Task directions
Taking the line that contains "Boho Cream Beige" as the start and the last line of the data as the end, repeat exactly every line in that span, but no pictures.

Given information
------------------------------------
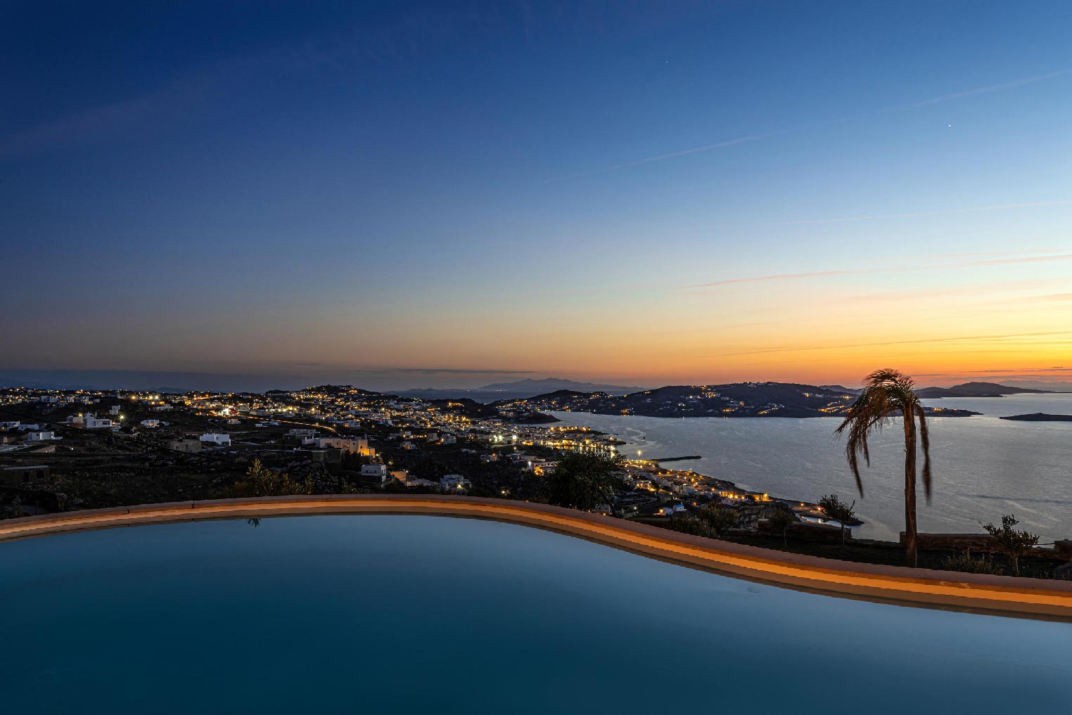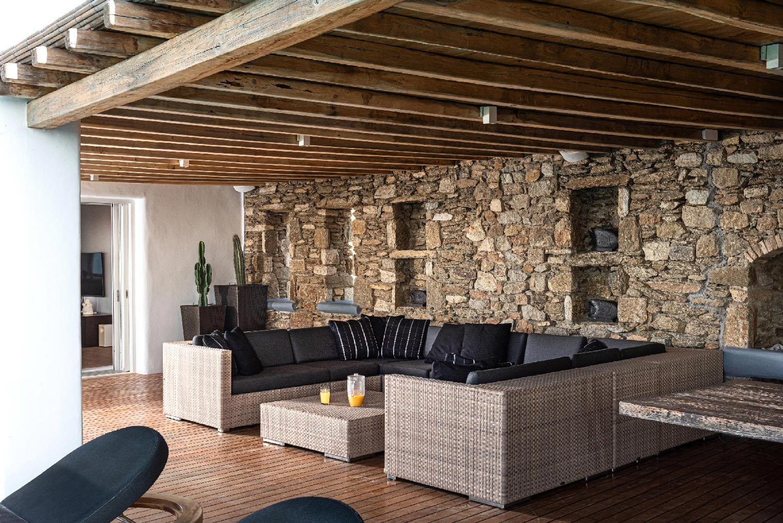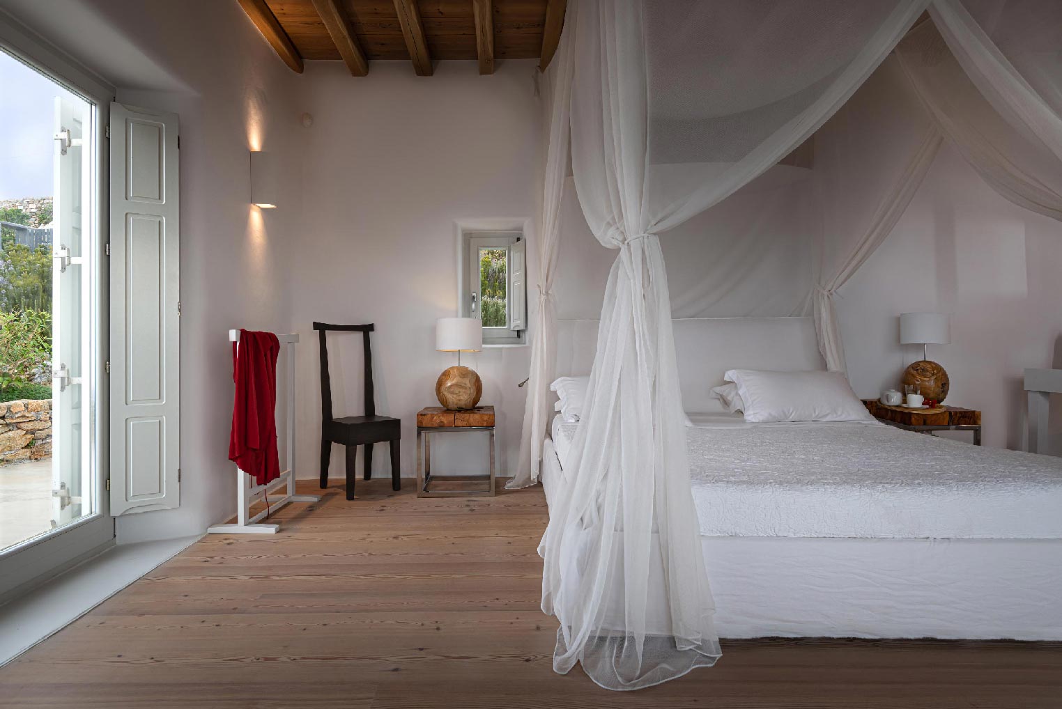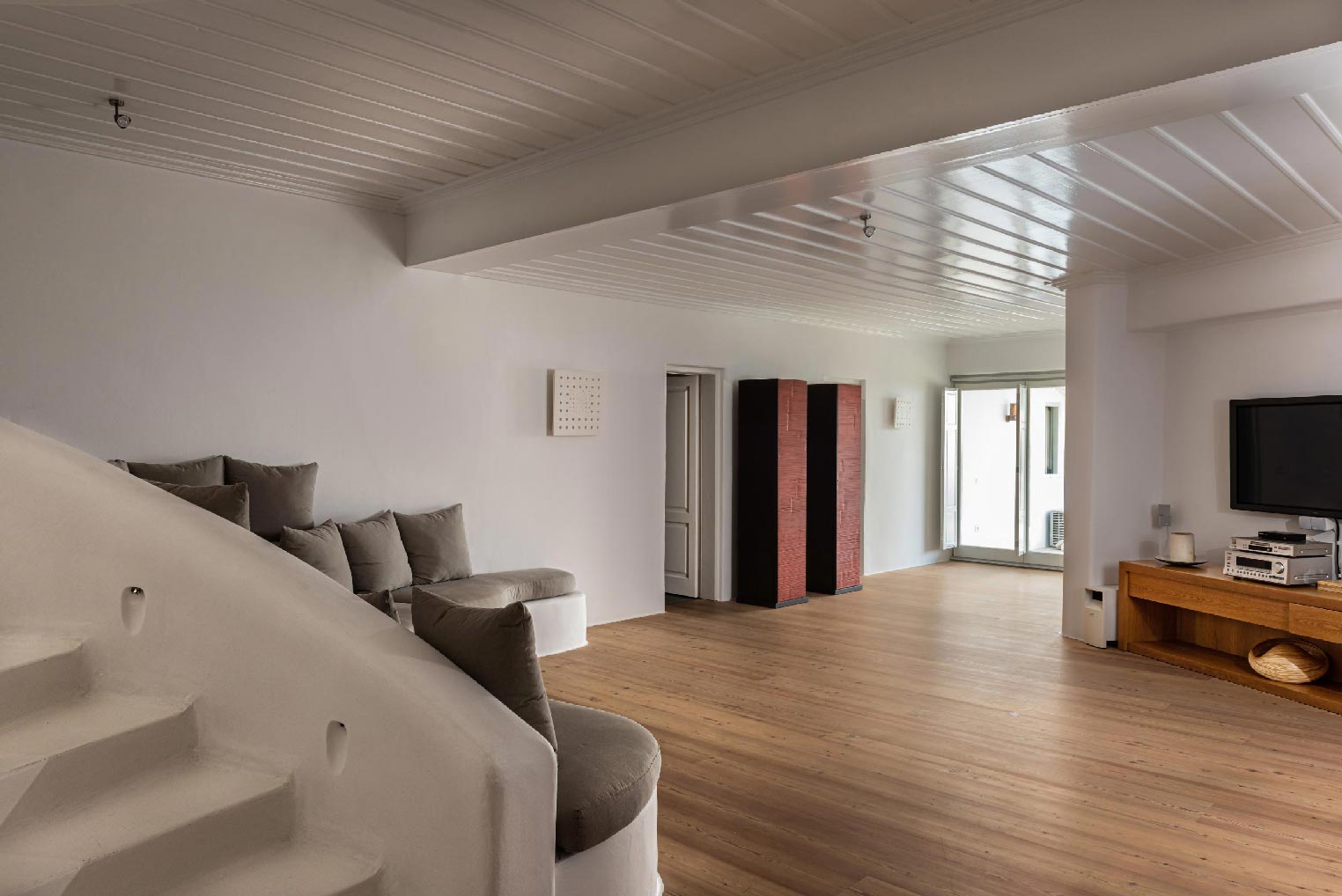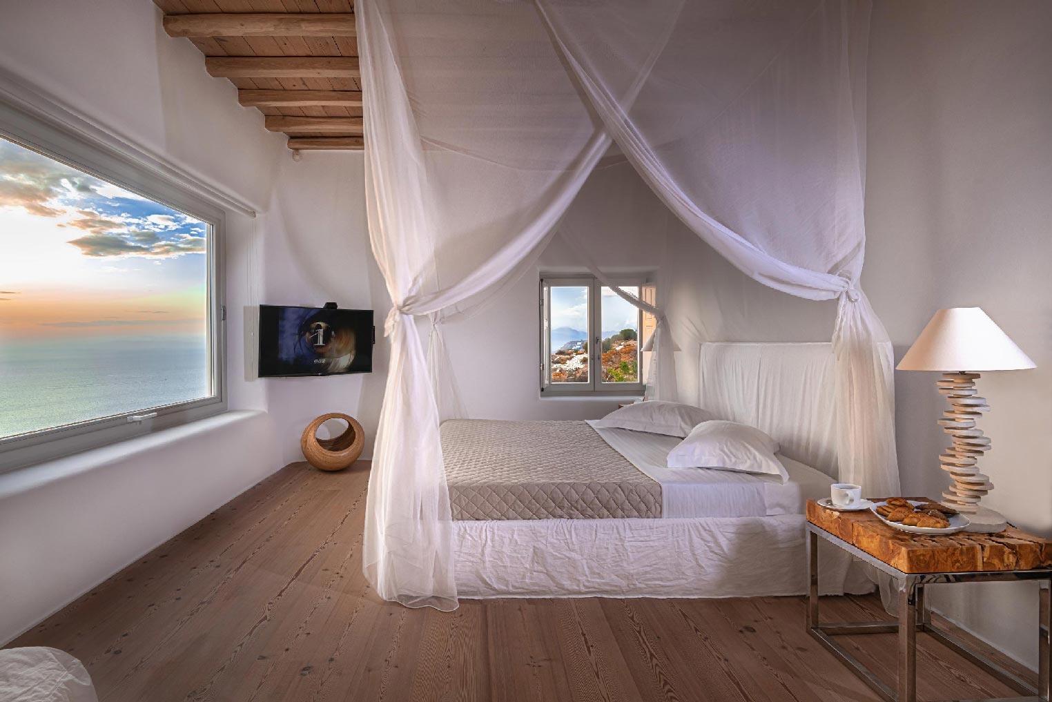 Nestled in idyllic Tourlos, above the port of Mykonos and just a five-minute drive from Mykonos Town, Villa Gaias is a private luxury estate surrounded by the island’s cosmopolitan vibes, world-famous restaurants, and vibrant social life.The villa’s unique style epitomizes the traditional Cycladic architecture complemented with modern touches, creating a cozy and laid-back luxury retreat. The villa opens into ample bright spaces with all-white walls, wooden floors and ceilings, large windows with stunning vistas, exquisite décor, and state-of-the-art furniture — the perfect place to withdraw and relax after a full day exploring Mykonos’ treasures.
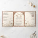 Boho Cream Beige Wildflower Butterfly Arch Wedding Tri-Fold Invitation
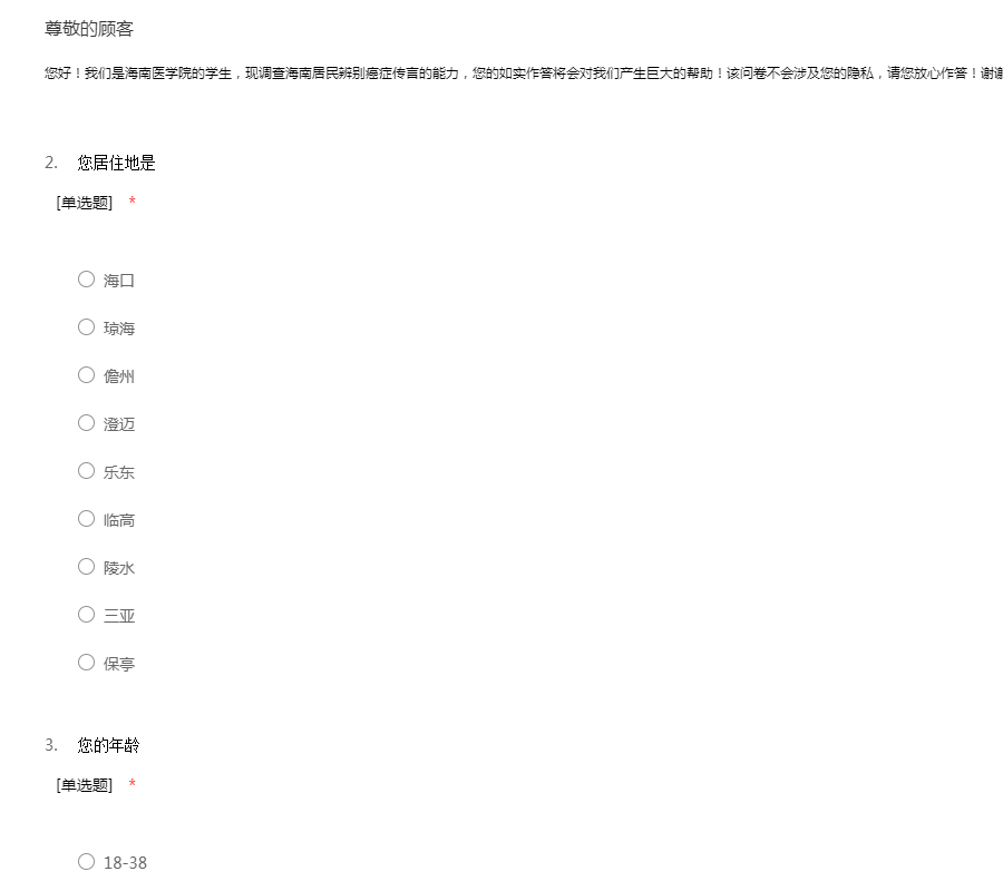 您好!我们是海南医学院的学生,现调查海南居民辨别癌症传言的能力,您的如实作答将会对我们产生巨大的帮助!该问卷不会涉及您的隐私,请您放心作答!谢谢!
------------------------------------
Written reply
 Boho Cream Beige Wildflower Butterfly Arch Wedding Tri-Fold Invitation
 您好!我们是海南医学院的学生,现调查海南居民辨别癌症传言的能力,您的如实作答将会对我们产生巨大的帮助!该问卷不会涉及您的隐私,请您放心作答!谢谢!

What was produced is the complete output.